Safe Testing
This provides a methodology for safe hypothesis testing that is acceptable across Fisherian, Neymanian, and Jeffreys-Bayesian schools, addressing the challenge of combining studies in optional continuation scenarios.
The paper tackles the problem of hypothesis testing under optional continuation, where new studies depend on previous outcomes, by developing a theory based on e-values that preserve Type-I error guarantees. It introduces growth-rate optimality (GRO) as an analogue of power, constructs GRO e-variables for composite null and alternative models, and illustrates this with examples like a safe t-test.

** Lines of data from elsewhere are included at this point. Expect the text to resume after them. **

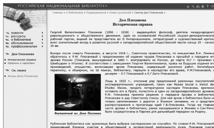
Публичная библиотека как творчески быт выбора исторически на скрупулы. По словам И.М. Плеханова, знаменитой филологической и общественной деятельности, Плехановский центр.

Но библиотекам не только присваивают почётные имена, но и дают специфические названия. В связи с этим обращает на себя внимание весьма примечательный факт — использование в названиях публичных библиотек слова «дом». Так, в Екатеринбурге к празднованию пушкинского юбилея в 1999 г. было приурочено создание Библиотечного культурно-просветительского центра «Пушкинский дом», органично объединившего библиотеку, музей и выставочный зал. 13 «Домом Поэтов» называют библиотеку-музей в с. Градницы (Бежецкий район Тверской обл.). 14 В 2004 г. в Москве была открыта Библиотека «Дом А. Ф. Лосева», а Московская городская библиотека №2 им. Н. В. Гоголя в 2005 г. была переименована в «Дом Гоголя». Пример из более отдалённого прошлого: в 1929 г. появился и по сей день существует в качестве подразделения РНБ «Дом Плеханова», созданный на основе домашней библиотеки и архива семьи Г. В. Плеханова. 15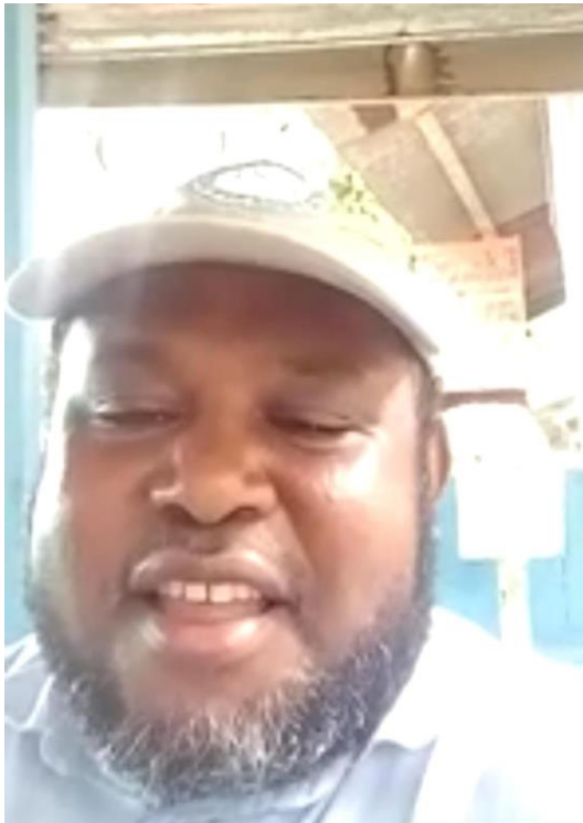
Nuh Inay Sekretaris LMA Sebyar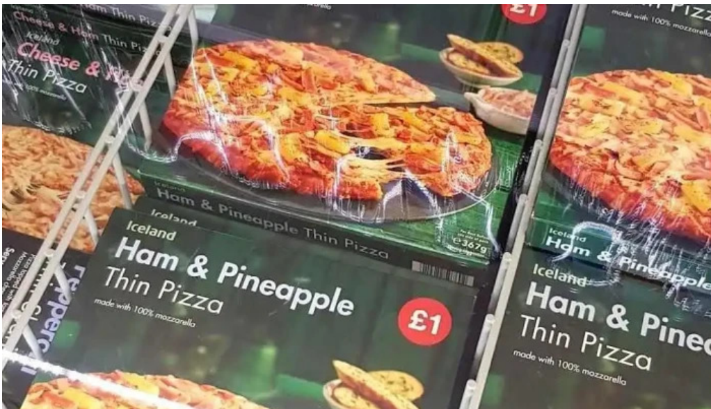
Iceland verslun matur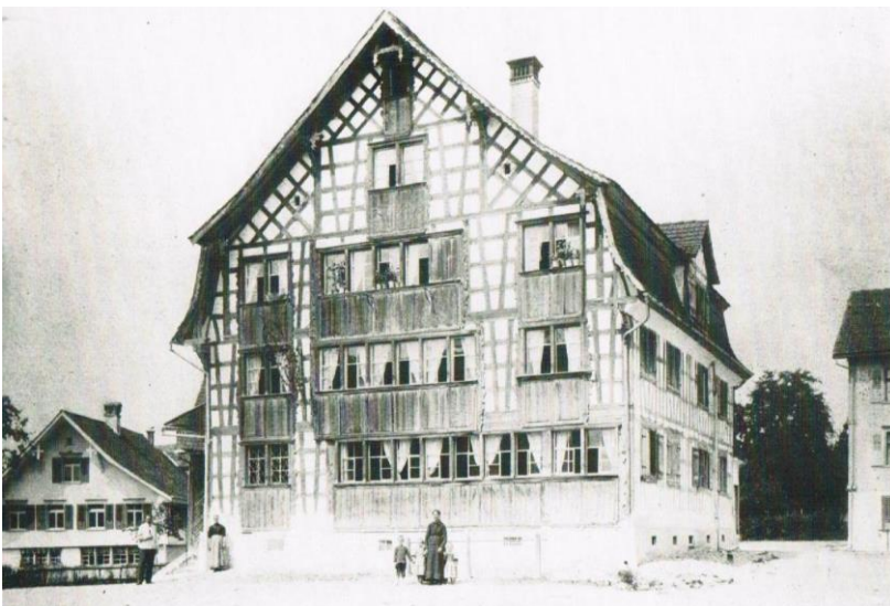
Der Ochsen auf einer alten Aufnahme.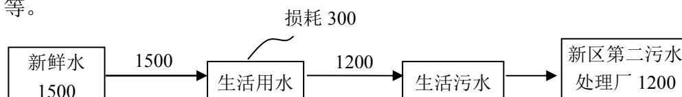
图 5-2 水量平衡图(t/a)

项目废水只有生活污水，项目建成后共有职工 50 人，本报告平均以每人每天用水 100 升计算，年工作日 300 天计，则全年生活用水量约 1500 吨，产生的生活污水按用水量的 80% 计，生活污水排放量约 1200 吨/年，主要污染物为 COD、SS、氨氮、TP 等。

We develop the theory of hypothesis testing based on the e-value, a notion of evidence that, unlike the p-value, allows for effortlessly combining results from several studies in the common scenario where the decision to perform a new study may depend on previous outcomes. Tests based on e-values are safe, i.e. they preserve Type-I error guarantees, under such optional continuation. We define growth-rate optimality (GRO) as an analogue of power in an optional continuation context, and we show how to construct GRO e-variables for general testing problems with composite null and alternative, emphasizing models with nuisance parameters. GRO e-values take the form of Bayes factors with special priors. We illustrate the theory using several classic examples including a one-sample safe t-test and the 2 x 2 contingency table. Sharing Fisherian, Neymanian and Jeffreys-Bayesian interpretations, e-values may provide a methodology acceptable to adherents of all three schools.